Can't Vulkan backends do the job? Not to defend AMD, but so long that perf/dollar stays above NVIDIA just any how, isn't that more than bare minimum effort for them?
I am not surprised, ROCm focuses on CDNA. Was RDNA in ROCm ever officially supported?
RX 7900 (RDNA 3 flagships) are officially supported. I think the 6900 (RDNA 2) was supported at one point as well, and in both cases other cards with the same architecture could usually be made to work as well.
Do you assume that it working means official support? I had been under the impression that RDNA had unofficial ROCm support.
https://rocm.docs.amd.com/projects/install-on-linux/en/lates...

Looks like on Linux the only GPUs which are currently officially supported are the 7900 series.

https://rocm.docs.amd.com/projects/install-on-windows/en/lat...

On Windows the official support covers most (all?) of the discrete desktop 7000 and 6000 series.

Thanks for the clarification.
On Linux, there is official support for a few Navi 21 (gfx1030), Navi 31 (gfx1100) and Navi 32 (gfx1101) cards [1]. As you mention, in practice, there's also quite a few cards that work but are not officially supported.

[1]: https://rocm.docs.amd.com/projects/install-on-linux/en/docs-...

Thanks for the link. Those are the professional cards. For consumer cards, the only supported models on Linux are the 7900 series and Radeon VII according to that. Interestingly, all of the supported cards aside from Radeon VII have 24GB of RAM or more as if high VRAM were a prerequisite for support.

Seeing this, I am not surprised I misremembered the state of RDNA support in ROCm. The support matrix it pitiful compared to Nvidia’s CUDA support matrix.

The official support list is anemic, but in practice, any RDNA 2 or RDNA 3 GPUs will either work out of the box or can be made to work without much difficulty.
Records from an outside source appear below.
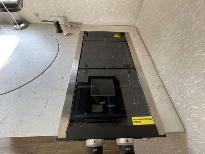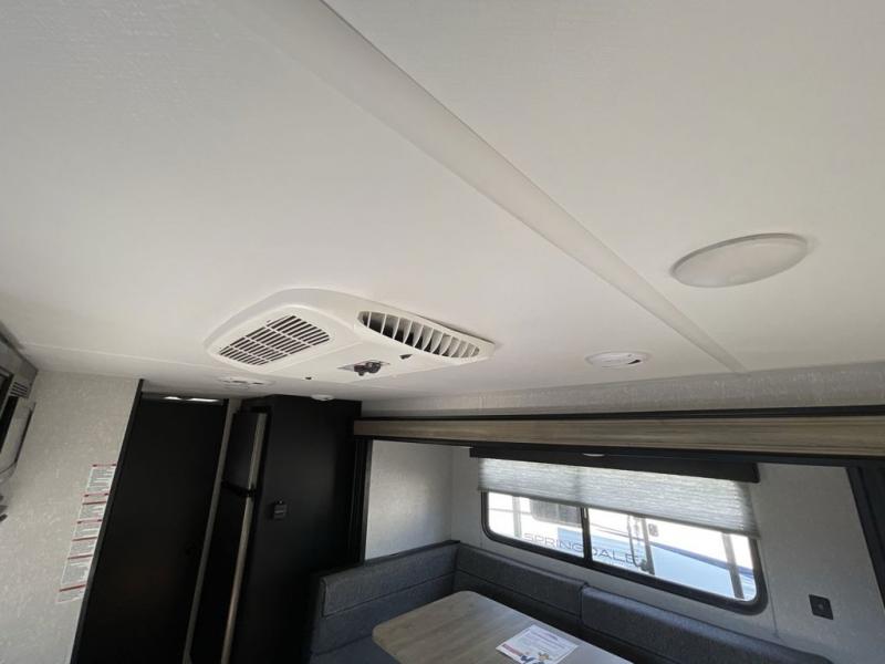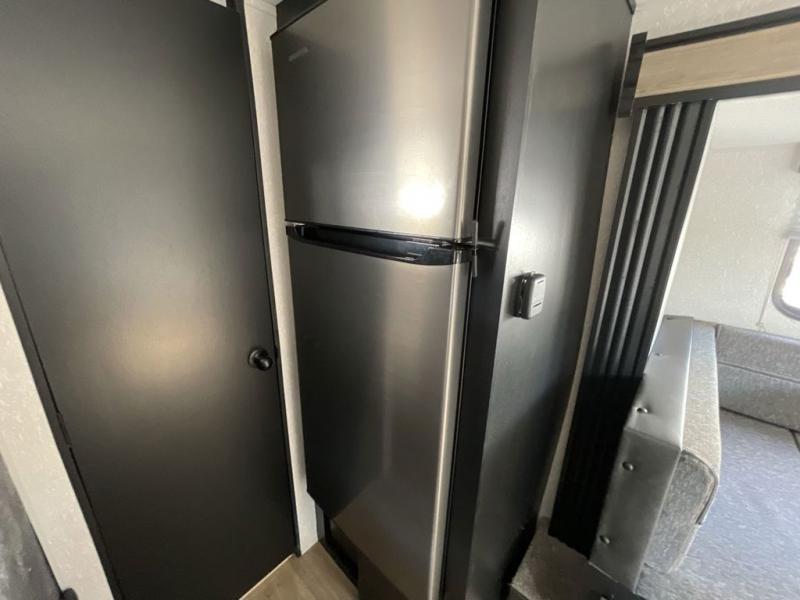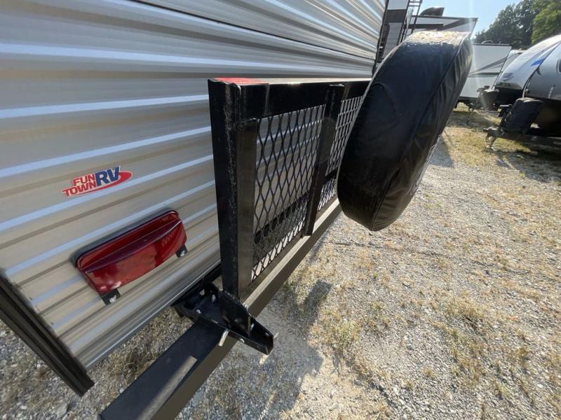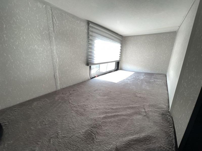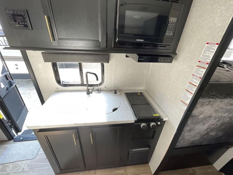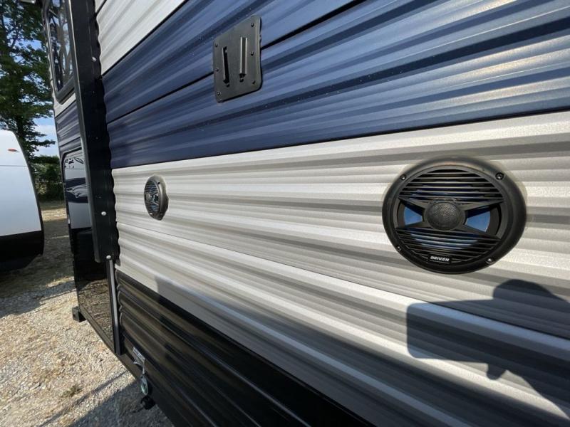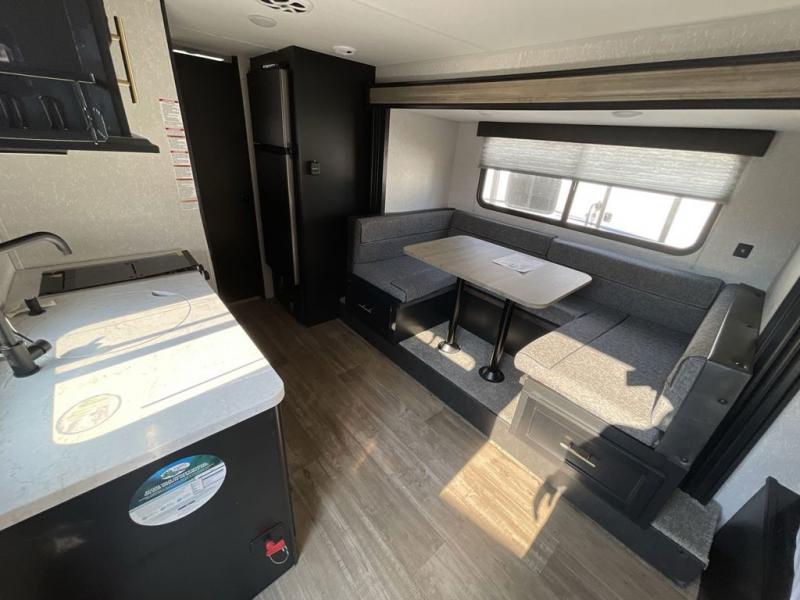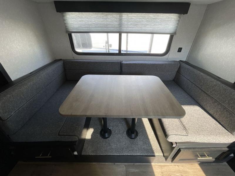 This family travel trailer is ready to head to the campground whenever you are! The kiddos can sleep on the set of bunk beds and you can sleep on the front queen bed, plus the U-shaped dinette slide can also transform into an extra sleeping space when you aren't using it to enjoy a meal prepared with the high output cooktop. You can also prepare your delicious meals at the outside mini kitchen and stay protected by the 12' power awning. The exterior not only as outside storage and an outside TV mount, but also an outside storage plus door for access to the storage space underneath the bottom bunk bed. Everyone can stay squeaky clean with the tub/shower in the rear corner bathroom too!
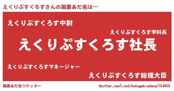 | 男性向けラノベタイトル風あだ名 | 『えくりぷすくろすの憂鬱』 |
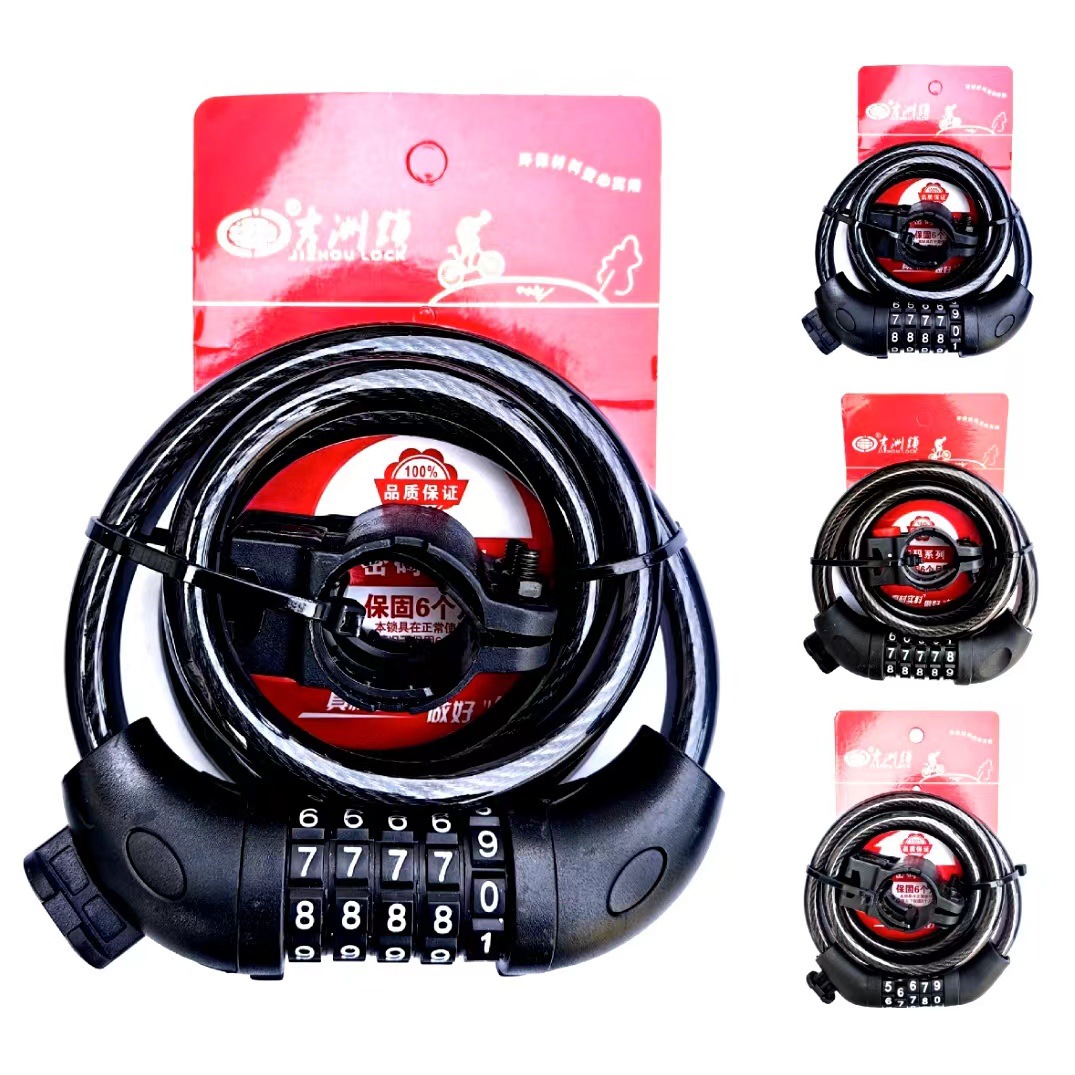 Jizhou kunci sepeda motor lima-digit kata sandi, cincin tetap pit gunung anti Maling kunci kabel
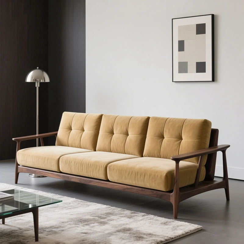 Song Style Aesthetic New Chinese Solid Wood Sofa - Single, Double, and Triple Seat Options for Modern Villas. Embrace Minimalist Chic with Vintage Charm and Exceptional Quality.
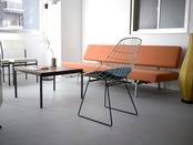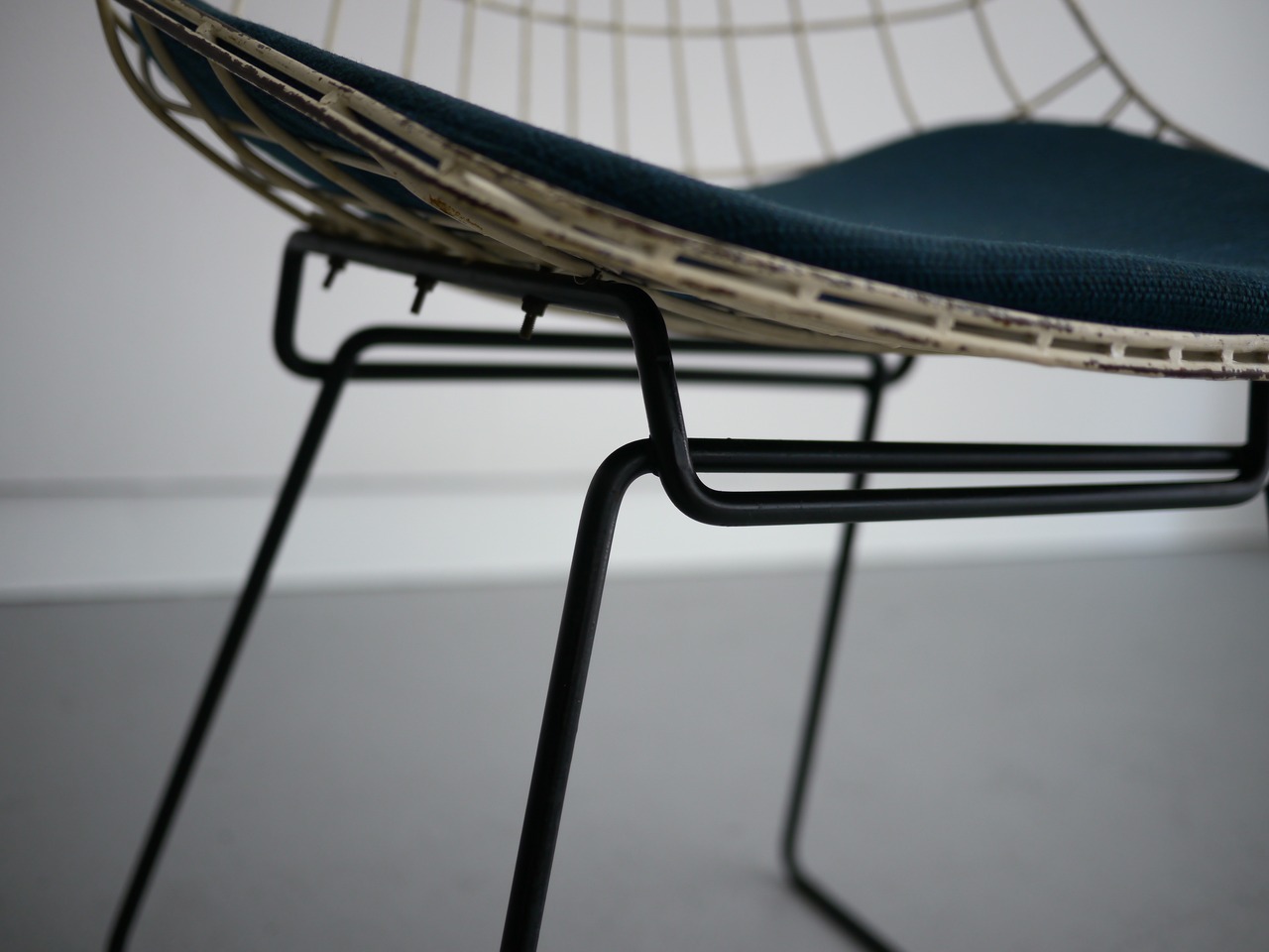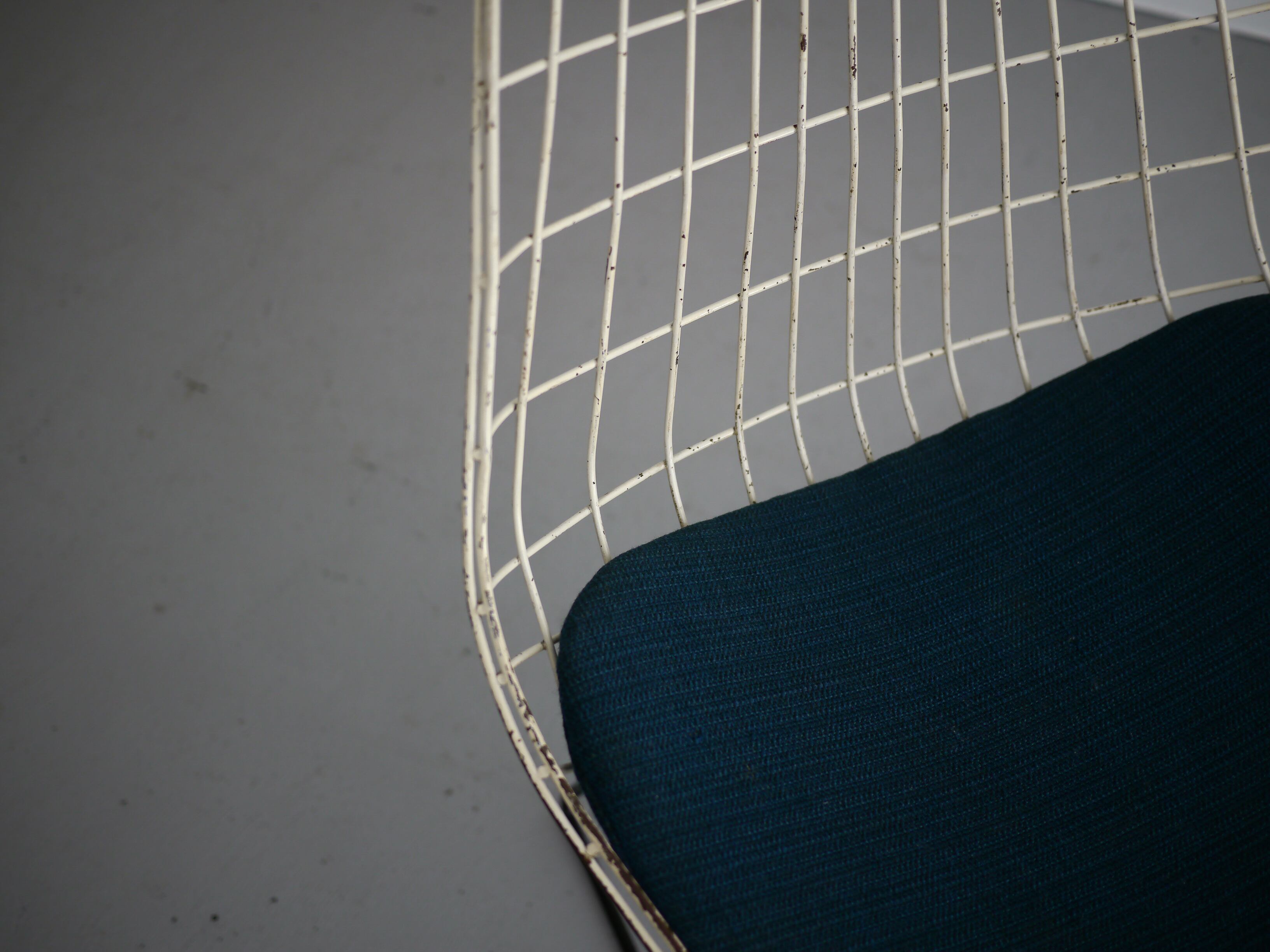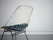 またワイヤーのチェアは圧迫感がなくどんな場所にも置きやすくなじみやすいのも大きな利点。こちらは現在復刻されている現行品ではなく、当時のヴィンテージ品です。オリジナルのシートパットもクリーニング済みでそのままお使いいただけます。
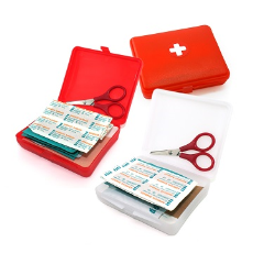 This handy emergency first aid kit includes 1 scissor, 3 antiseptic cleansing wipe, 1 mosquito patch, 2 sterile gauze swab, 5 rectangular plasters and 1 patch plaster.
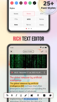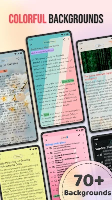 Ka bayyana kanka ta hanyar keɓance rubutunka a cikin Notes - Notepad, Notebook free note taking simple notepad app. Editan bayanan kula mai ci gaba yana ba ka damar sa rubutunka ya zama mai kauri, tsaga, ko kuma mai layi a ƙasa. Ƙara hotuna masu ɗaukar hankali ko fayilolin sauti don ba da cikakken bayani ga tunaninka. Haka kuma, za ka iya saita launuka daban-daban, masu launi biyu (gradient), grid, ko ma hotuna a bayan rubutunka don ba su kyawun gani. Don ayyukan yau da kullum, ka ƙirƙiri jerin abubuwan yi (checklists) kuma ka ja su don tsara su yadda kake so. Zabi nau'ikan rubutu daban-daban da launin rubutu don kowane bayani, duk kai tsaye daga edita.
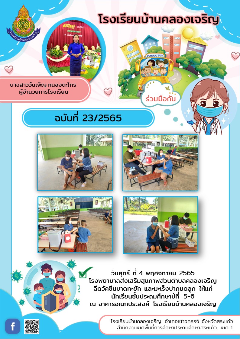 | วันศุกร์ ที่ 4 พฤศจิกายน 2565 โรงพยาบาลส่งเสริมสุขภาพส่วนตำบลคลองเจริญ ฉีดวัคซีนบาดทะยัก และมะเร็งปากมดลูก ให้แก่นักเรียนชั้นประถมศึกษาปีที่ 5-6 ณ อาคารอเนกประสงค์ โรงเรียนบ้านคลองเจริญ |
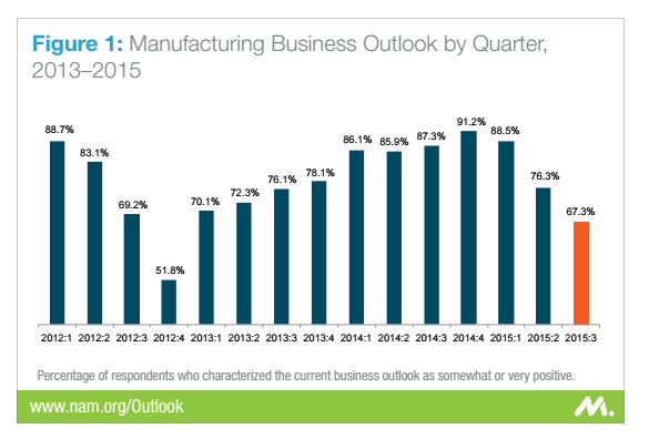 Nearly 80 percent of manufacturers in the third quarter National Association of Manufacturers Outlook Survey cite an “unfavorable business climate” as the top business challenge. The Survey Outlook Index dropped to 45.6 from 51.8 in June with small, medium and large manufacturers all expressing declining optimism.

Debian has a particularly good compatibility story. Its ROCm packages carry patches to work on all discrete Vega, RDNA 1, RDNA 2 and RDNA 3 GPUs. That's not official support, but it is tested.

I've been using my 6750XT with rocm ever since I picked it up ~2 years ago. Idk if it's "officially" supported but it's works with SD and LLMs just by setting an environment variable.
My 6900 XT has had pretty good support in everything I've tried.
But it didn't launch with AMD support, it is support now.